Metric	RunPod	fal.ai
Generation time	184s	39-67s
Motion quality	Good	Better (more natural)
Expression quality	Good	Better (subtle emotions)
Cost per video	$0.30	~$0.25
API stability	Very stable	Occasional CDN issues
Cold start	Rare	Can add 10+ min

fal.ai wins on quality and speed. But without retry logic, you’ll hit CDN errors often enough to regret not having a RunPod fallback.

Prompt Engineering for Motion

Video prompts are fundamentally different from image prompts. Key principles:

1. Always specify camera behavior

❌ "she waves hello"
✅ "waving hand gently toward camera, static camera"

Without static camera, I2V may introduce dramatic panning or zooming.

2. Constrain body movement

❌ "dancing happily"
✅ "subtle body sway, minimal movement, relaxed pose"

I2V handles subtle motion well but produces artifacts with large movements.

3. Describe the motion, not the result

❌ "barefoot, no shoes" (describes a state)
✅ "wiggling toes playfully, feet swaying back and forth" (describes motion)

The model animates what you describe. State descriptions don’t give it motion to work with.

4. Add “smooth” and “slow motion” for quality

These keywords consistently improve output quality by preventing jittery or too-fast animations.

What About Frame Interpolation (FLF2V)?

We also tested First-Last-Frame-to-Video (FLF2V) — a model that takes two images (start state and end state) and generates a video transitioning between them.

The idea seemed promising: generate a “shoes on” image and a “shoes off” image, then let FLF2V create the removal animation.

Result: it doesn’t work for state changes. FLF2V treats the two images as visual keyframes and morphs between them — it doesn’t understand the semantic meaning of “removing shoes.” In our tests, shoes flew through the air or feet disappeared entirely.

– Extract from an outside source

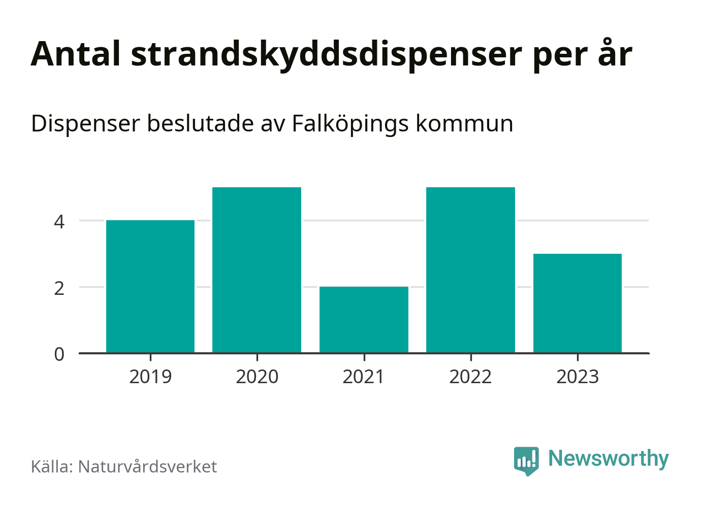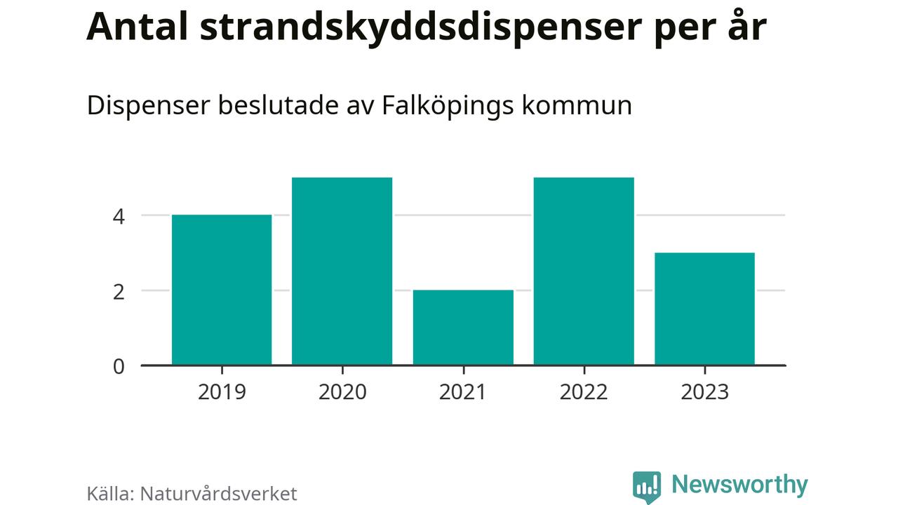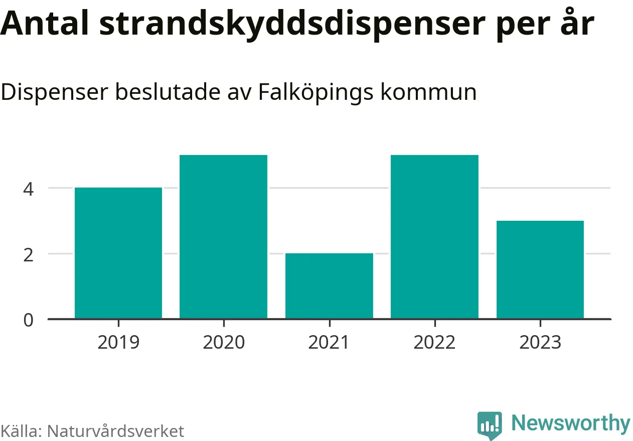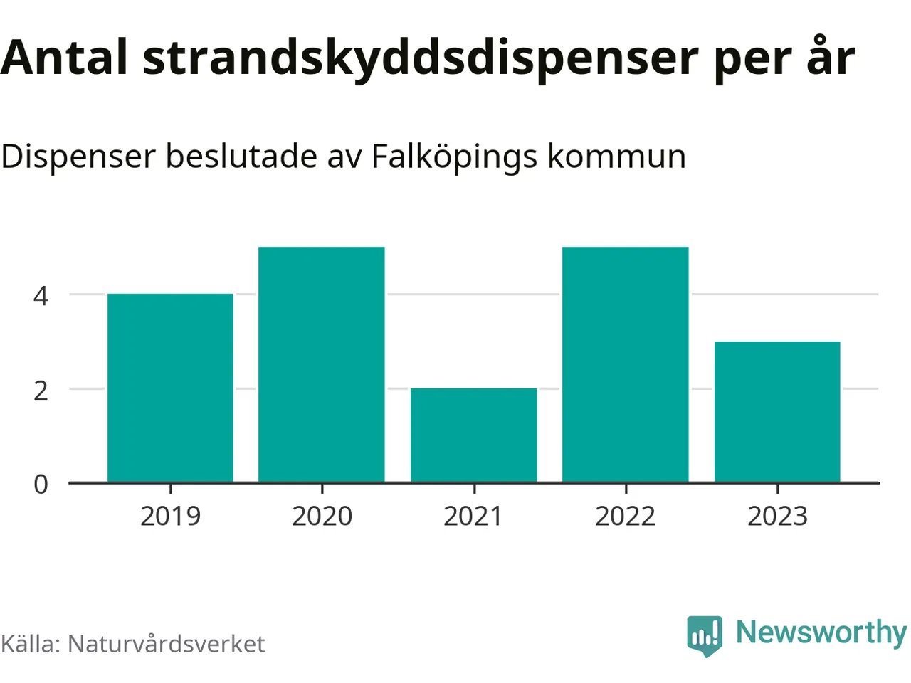 Den som vill bygga nära vatten behöver dispens från strandskyddet, lagstiftningen som ska säkra allmänhetens tillgång till stränderna och bevara livsvillkor för djur och växter. I de flesta fall är det kommunerna som godkänner dispenserna, och under de senaste fem åren har Falköpings kommun fattat 19 beslut för totalt 26 åtgärder inom strandskyddat område, enligt den sammanställning Naturvårdsverket varje år gör. Det är färre än i de flesta kommuner i landet. Flest dispenser i Västra Götalands län har godkänts i Borås – 220 stycken.

FLF2V is useful for pose transitions (sitting → standing) or expression changes (neutral → smile), but not for object manipulation.

Cost Analysis

At our current usage (~5 videos/day):

	Monthly Cost	Notes
fal.ai I2V	~$37.50	5 videos × 30 days × $0.25
RunPod I2V	~$45.00	Same volume × $0.30

Video generation adds roughly $1.25/day to our infrastructure costs. For the engagement value it provides (characters that move feel dramatically more alive), this is a clear win. For context on our overall cost structure, see Running an AI Bot on $50 a Month.

What’s Next

Audio integration: WAN 2.6 supports synchronized audio — imagine characters that speak their lines
Longer clips: Testing 10-15 second videos for more complex animations
Auto-generation: Triggering video generation from RP context (character does something dramatic → auto-create clip)
Style consistency: Exploring whether LoRA-trained models can improve I2V consistency across clips

Key Takeaways

I2V is production-ready for character animation — the quality is there and the cost is under $40/month at moderate usage. The main lesson: don’t fight the model on state changes. Generate the state you want with img2img first, then animate it. Use fal.ai for quality, keep RunPod as a fallback, and save your working prompts as presets so you’re not re-engineering motion descriptions every time.